Tuesday, September 8, 2020

‘Believe anonymous sources’ / ‘I finally know who I am’ / Not THAT free

‘Believe anonymous sources.’ Poynter’s Tom Jones dissects controversy over The Atlantic’s reporting that President Trump has disparaged Americans who died in war.
 Free Speech Center director Ken Paulson on a new report from the Knight Foundation and Gallup: Are America’s news media more biased than ever before, or are we simply looking in the mirror?” (Image: Bybzee from the Noun Project.)

‘Attacks on the people’s press.’ Journalism prof Jeff Jarvis says Donald Trump’s war on TikTok in the U.S. and Rupert Murdoch’s legislative assault on Facebook in Australia undermine freedom of expression.
  He condemns traditional journalists who haven’t spoken in opposition: “The old press still thinks the meaning of the press is a machine that spreads ink.”

‘The right to peacefully protest needs better supporters.’ Freedom Forum Fellow Lata Nott says an Indiana lawmaker’s proposed “Support Peaceful Protest Act” seems in fact to be designed to “make individuals think twice before attending any sort of protest.”
Columnist Irv Leavitt: “For winning over people still on the fence, you can’t top images of defenseless but brave partisans being attacked with billy clubs, firehose streams and police dogs, and not raising a hand.”
A federal judge has at least temporarily ordered Detroit cops to stop using batons, gas and rubber bullets on peaceful protesters.
Without a late Oregon Supreme Court justice who concluded that state’s free-speech protections are more expansive than those in the First Amendment, a Portland journalist says protests there “wouldn’t have been the same.”
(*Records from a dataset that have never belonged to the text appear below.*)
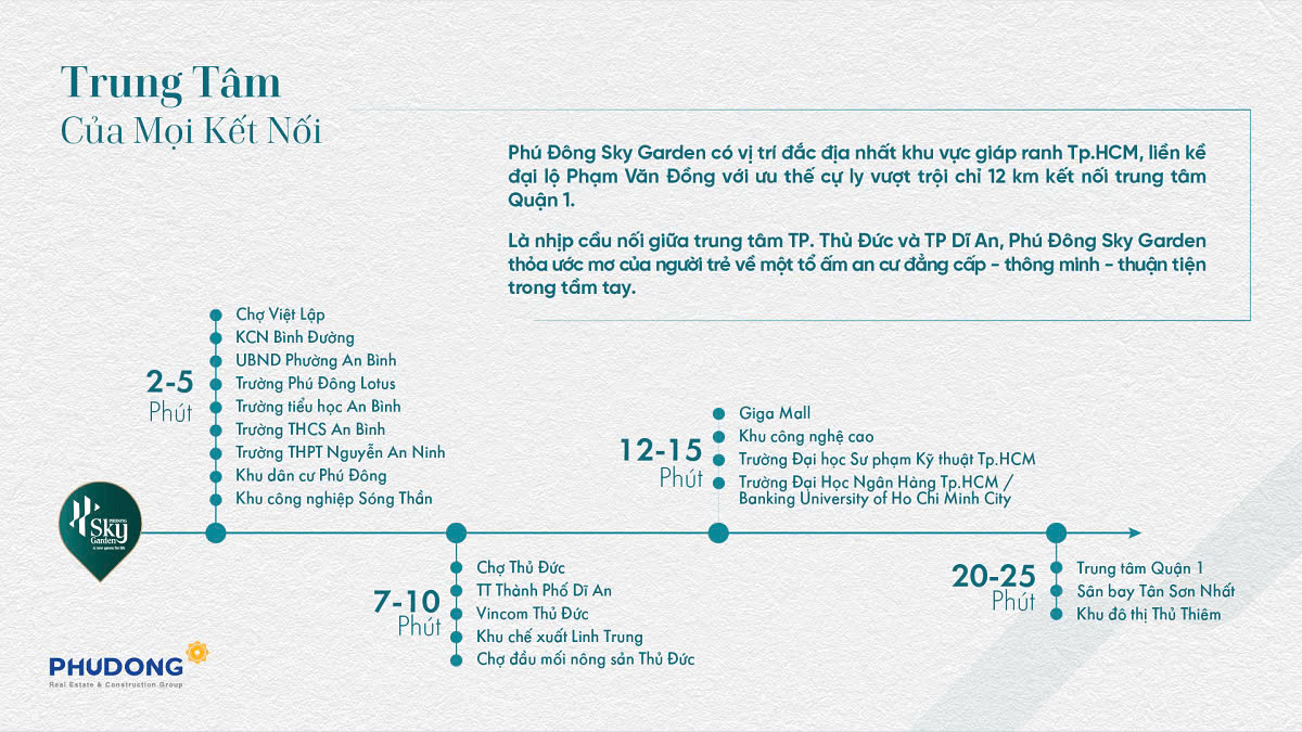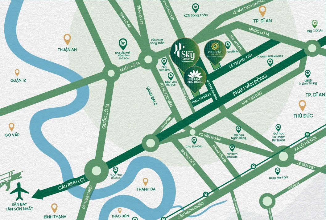 Tọa lạc ngay nút giao Phạm Văn Đồng (Tp Thủ Đức) và Quốc lộ 1A, căn hộ Phú Đông Sky Garden sở hữu cho mình vị trí cực kỳ đắc địa và chiến lược. Từ dự án dễ dàng giao thương kết nối đến:
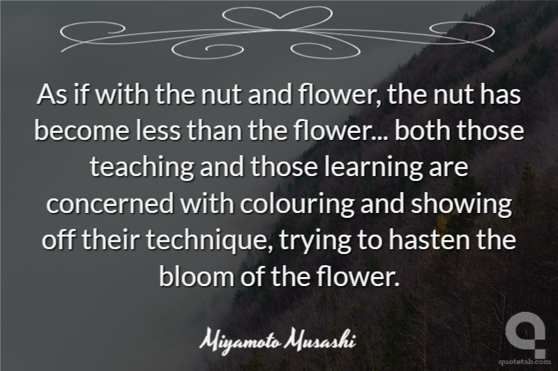 As if with the nut and flower, the nut has become less than the flower... both those teaching and those learning are concerned with colouring and showing off their technique, trying to hasten the bloom of the flower.
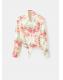 Tejido 100% algodón. Diseño crop. Estampado floral. Cuello camisero. Manga larga con puños abotonados. Detalle de nudo en la cintura. Cierre delantero con botones. Total look
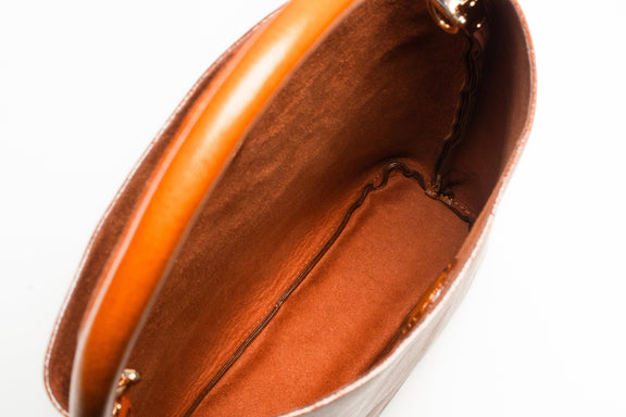 Embrace sustainable luxury with this Semi-Vegetable Tanned Full-Grain Leather Bucket Bag, where craftsmanship meets functionality in every stitch.
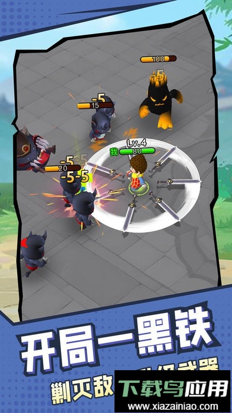 这是一款充满趣味的休闲割草游戏,你将踏上崭新的冒险旅程。游戏内准备了丰富多样的地图,玩家需灵活走位穿梭于敌群之中。玩法直观且富有挑战,你需要挥舞手中巨剑击倒所有来袭的对手方能通关;击败场景中出现的强力隐藏首领,更有机会获得稀有武器奖励。

‘I finally know who I am.’ Daniel Thompson, an editor who quit Wisconsin’s Kenosha News over an inflammatory quote in the headline of a protest story, says he’ll use a GoFundMe windfall to launch new projects.
His ex-boss conceded the headline was “a little bit insensitive.”
Thompson tells CNN’s Reliable Sources podcast: “I don’t think the old ways of covering things … works anymore.”

It’s that time. Theft of campaign yard signs around the country is triggering First Amendment protests in letters to editors—for instance, here in Iowa and here in Florida.
Tips to discourage sign theft: Vaseline, dog poop and glitter.

Not that free. Ruling in the case of a man who—without permission—took and transmitted intimate photos of a person changing in a bathroom, a Texas appeals court says the state’s “Invasive Visual Recording” ban doesn’t conflict with freedom of speech.
Hotel Management ponders whether bosses can terminate an employee for offensive social media posts.